Benim birden fazla sorunum vardı ve sorunlarımın başını amcam çekiyordu. Dün hayatım boyunca hiç görmediğim eniştem hakkında öğrendiklerimin hemen ardından eve kan revan içinde gelmiş olan amcam koltukta ağlayarak uyuyakalmıştı. Onun hemen ayak dibinde uyuduğumu hatırlıyordum fakat sabah uyandığımda yatağımdaydım ve o evde yoktu. Muhtemelen beni yatağa taşıdıktan sonra dışarıya çıkmıştı.

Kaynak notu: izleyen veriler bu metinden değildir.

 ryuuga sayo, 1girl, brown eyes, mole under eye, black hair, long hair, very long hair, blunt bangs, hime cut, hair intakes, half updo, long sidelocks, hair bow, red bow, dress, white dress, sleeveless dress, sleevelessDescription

Defalarca kez aramama, mesaj atmama rağmen amcamdan yine bir dönüş alamamıştım bu da endişelenmeme neden olmuştu. Nefretinin kaynağı neydi? Öfkesi kimeydi? Dün dayağı kimden yemişti?  Ya da kime dayak atmıştı? Aklından ne geçiyordu. Ne yapacaktı? Hiçbir fikrim yoktu.

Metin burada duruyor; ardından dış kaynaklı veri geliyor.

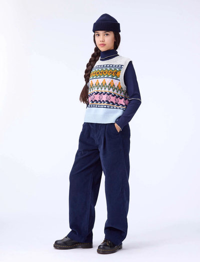 This multicolored knitted wool vest from Molo is Nordic inspired with smiling faces and the text 'Humankind' on the front and back. The vest has ribbed edges around the neckline, sleeves, and waist.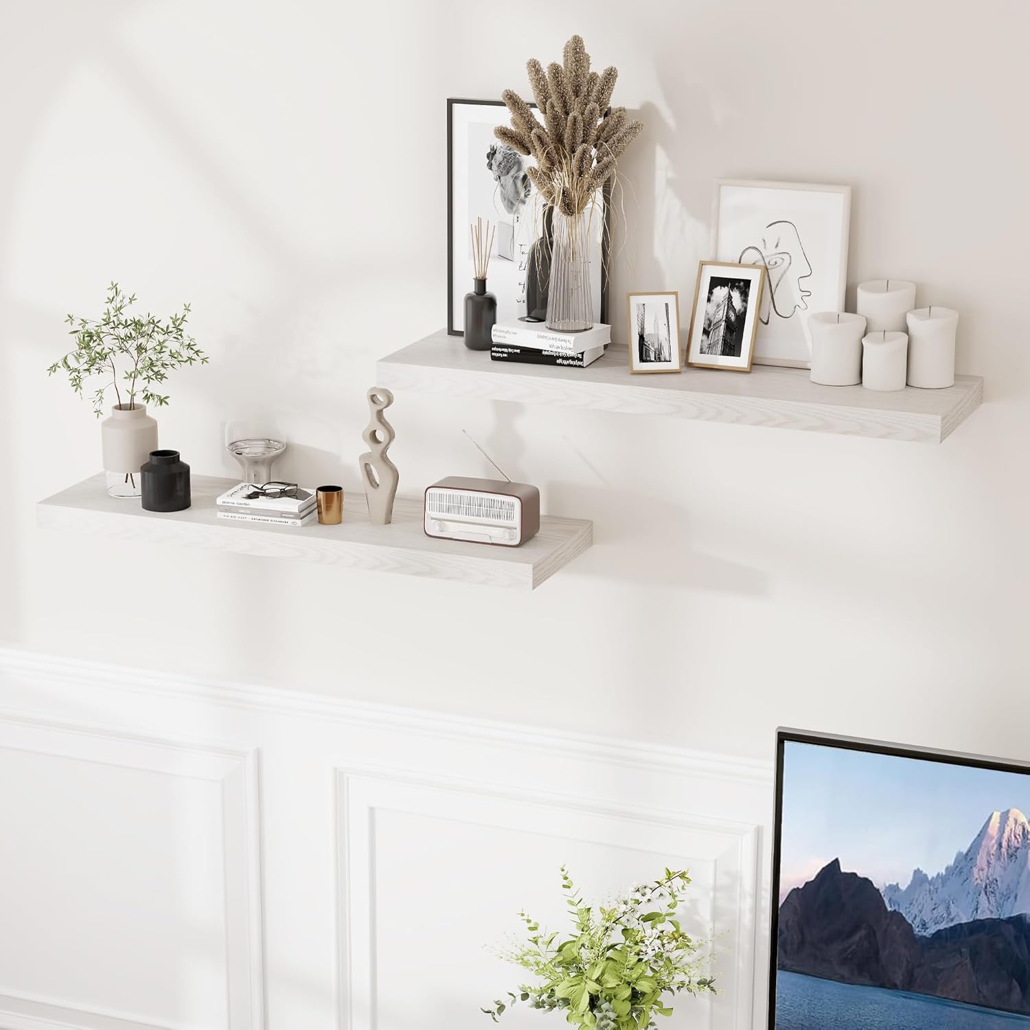 - 【DECORATIVE & FUNCTIONAL】The wall-mounted floating shelves are designed for decoration and storage, utilizing and decorating any space in your home. Used as shelf decor to show your collection, books, or prize, the hanging shelves are perfect for displaying your photo frame, small plants, model, or audio in your living room, office, study. And can also use as over the toilet storage shelf in the bathroom to hold toiletries or used as kitchen shelf to storage condiments.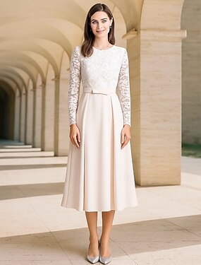 Hylsa Kolonn Knälängd Festklänning Cocktailklänning Bröllopsgästklänning Mor till bruden Klänning Korta Ärmar Långa Ärmar Crew Neck Båt Hals Elegant Vintage Fest Crepe med Bow(s)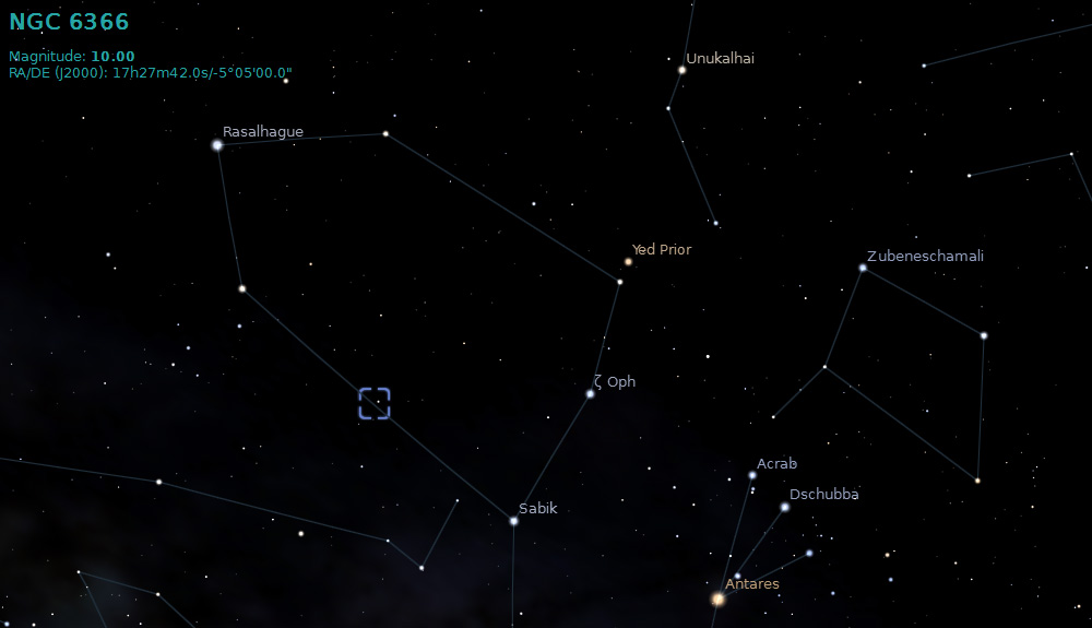 NGC 6366 is a relatively open globular cluster in the constellation of Ophiuchus. It is a distance of about 11,700 light years from Earth.

Fikrimin olduğu tek bir konu vardı, o da aile içine odaklıydı. Sibel ve Gizem'in babasının uyuşturucu madde alarak öldüğünü amcamın dediğine göre halam ve dedem başından beri biliyordu ama ikiside susmayı tercih etmişlerdi. Ayriyeten kızlara gerçeği anlatmak yerine yıllardır farklı bir hikaye anlatıp onlarında beyinlerini babaları hakkında bulandırmışlardı.

Zavallı Gizem ve Sibel babalarının onları doğar doğmaz terk ettiğini düşünürken aslında gerçek tamamiyle farklıydı. Adam onlara ulaşamıyordu çünkü bir ölüydü. Ne kadar kötü değil mi? Ölü bir adamın arkasından sallayıp, yalan yanlış konuşmak....

Benim gibi önyargılara rest çekmiş bir insan bile gerçekleri bilmeden o adamın arkasından sallanan yalanlara inanmış ve o adama lanet okumuştu. Belki de yaptığım bir şeyden utandığım ilk an buydu. Ölü eniştemin arkasından söylenen yalanlara inanıp ona lanet okumak...

Ah... Aptallığımdan utanıyorum. Ve eklemek istiyorum. Eğer yukarıda bir yerlerde bir tanrı varsa bu yaptığımı affetmesini diliyorum. Beni affetmesi, nerede olduğunu saatlerdir bilmediğim amcamı korumasını ve dedem ile halamın bu korkunç yalanını bir şekilde ortaya çıkarmasını diliyorum zira sondaki söylediğimi tanrı yapmazsa... Muhtemelen amcam yapacaktı.